Lin Yutang wrote, "What is patriotism but the love of the food one ate as a child?" Born in Fujian, Lin also lived in the U.S., France, Germany, Singapore, Hong Kong and Taiwan, where he's buried. Whatever attachment Lin had to his childhood stews, fish balls, snails, clams and tofu, it didn't prevent this remarkable author and inventor of the first Chinese typewriter from globetrotting to improve his mind then, finally, to save his own ass, as his favored Kuomintang got routed by bad-assed Mao.
Should I stay or should I go? Ambrose Bierce glibly defined an immigrant as "an unenlightened person who thinks one country better than another," but between any two things, types of coffee, meat loafs, races, there is always a value judgment, so one thing is always better or worse than another, though the verdict is never unanimous, for some people are even fond of ingesting egesta, or watching television nonstop, even to the point of leaving it on through the entire night as they sleep, so they can hear it in their dreams, I suppose. My friend T.J. does this. To each his own, then, but since leaving one's country is never an easy step, logistically or psychologically, let's examine the reasons for such a radical departure.

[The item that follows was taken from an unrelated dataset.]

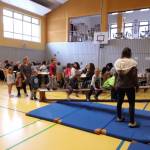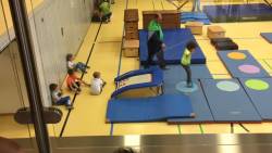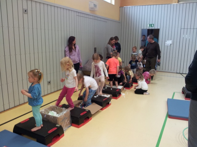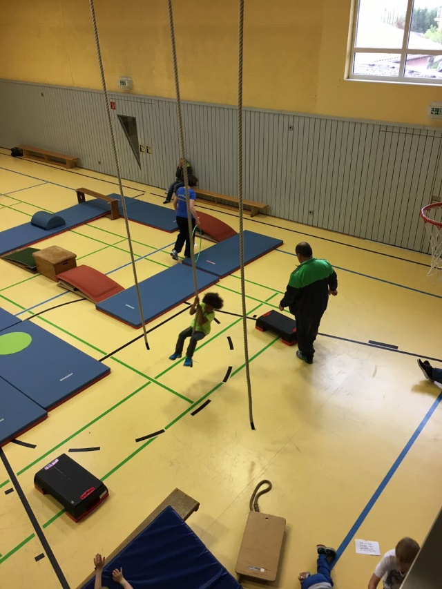 Dann konnten die Kinder zeigen wie fit sie sind, sie mussten über den großen Schwebebalken, an den Ringen schaukeln und dabei Bälle, die sie mit den Knien festhielten in einen Kasten werfen, das Löwengehege durchkämpfen, wie Kängurus von verschieden hohen Kasten und vom Trampolin springen, sich mit langen Seilen, die von der Decke hingen, von Stepp zu Stepp schwingen und zum Schluss, sich unter einer erhöhten Matte(lag auf zwei Bänken) mit dem Rollbrett am Seil entlang durchziehen.

Turning his back on all he has known, and his very identity even, an emigrant is fleeing from his inadequate or insufferable government. If hightailing from a war, he's trying to save his own skin since the state can no longer protect him. At other times, he's escaping the state itself, for it has become his overt nemesis.
Since Americans have never experienced a Pol Pot, Stalin or Hitler, they can be terribly dismissive of other people's historical trauma, so on the left, you still have naifs evoking Communism, of the dictatorship of the proletariat variety, as an ideal, while on the right, you have buffoons who mislabel crony capitalism as communism. Some dream of an American reich. Far from objecting to an overbearing state, they only quibble about its objectives, and nearly all have come to accept endless war as a natural American condition, and it is, quite frankly, for when was the last time the U.S. wasn't fighting or occupying an alien population? I'd say never, but don't listen to me. Submit your answer for a chance to win an all-inclusive, extended stay at the world-renown restive encampment at tropical Guantanamo!
A totalitarian state is one that can do any damn thing it feels like to you, without you having any recourse to fight back, short of being suicided by cops, and since the U.S.A. can now arrest, torture or kill anyone without due process, and it has, aplenty, it qualifies as such a monstrously criminal state notwithstanding the fact that all appears reasonably normal, sane and civilized, for now. If the law allows, say, a husband to shoot his wife at any moment, then that society has entered into hell even before the first woman has had her brains blown out.
Another clue to the state's totalitarian pivot is its heavy emphasis on travel restrictions, such as the secretive and illegal no-fly list, its perverted airport groping of infants and centenarians alike, its absurd and arbitrary ban on everything from baby formula to clam sauce, such as happened to me, seriously. Even with the image of spaghetti on the label, the TSA Einstein thought it was a beverage. He actually suggested I drink it.
Like any attacker, a terrorist is liable to hit you where you ain't heavily guarded, so there's no reason why he should consider airports when there is an infinity of other targets, and the more random, the more terror generated, for nowhere would be safe. In any case, the only terrorists we should fear are the ones who are recruited and coached or, at the very least, sanctioned by our sinister FBI or CIA. Since it's no secret our government casually and habitually massacres, should we be surprised that it also butchers innocent Americans? Far from being victims of terrorism, the United States is the world's leading generator of it.
The primary aim of our transportation security regiment, then, is not to thwart terrorists but to drum into your head that traveling is not a right but a privilege granted by the benevolent state, and if you don't grovel all the time, everywhere, and not just at airports or train stations, this special dispensation can be abruptly withdrawn.